Date: May 2017
Jin Joo Lee. A Bayesian Theory of Mind Approach to Nonverbal Communication for Human-Robot Interactions. Doctoral Thesis, Massachusetts Institute of Technology, 2017.
In storytelling interactions, storytellers employ a certain but subtle social cueing strategy when they believe a listener is paying attention to their story. But, if they think they are not paying attention, then this strategy changes. It flips to one where the storyteller uses stronger cueing signals in hopes to get the listener to pay attention again. I discovered these different strategies using machine learning models that find such patterns from real-world human interaction data (see this project).
Using a Bayesian theory of mind (BToM) approach, my AI algorithm, represented as a dynamic Bayesian network (DBN), tracks what kind of strategy a storyteller is exhibiting to get a sense what he/she currently thinks about a listening robot. Do they think the robot is being attentive or inattentive to their story? Based on this estimation, the robot then changes is body language to improve or even tone down its levels of expressivity because it has a goal of communicating an appropriate level of attentiveness. The social robot is in tune with what you think about it and modifies its behavior to alter your perception.

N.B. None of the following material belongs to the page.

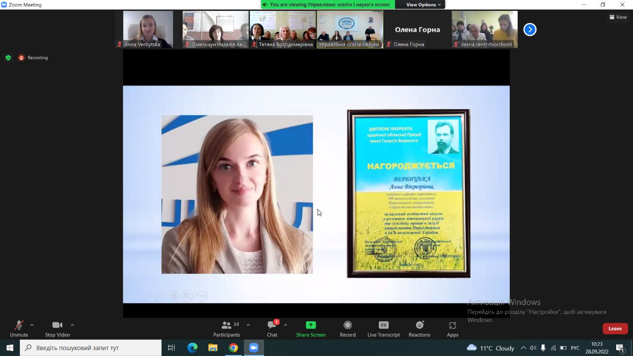 Напередодні професійного свята – Дня працівників освіти, Чернігівською обласною військовою адміністрацією було відзначено, в тому числі і наших працівників.

I integrated my AI algorithm into a realtime perception-to-behavior generation pipeline that controls a social robot. My software architecture supports the detection of prosodic- and gaze- based social cues from a child storyteller, decides how a social robot should respond based on it AI policy, and controls the exhibited set of expressive animations.
People do this kind of “mind reading” to understand what others think about them, and its often considered to be common sense or even street smarts. A major factor in the success of robots will heavily depend on their ability to effectively communicate with us as socially intelligent agents.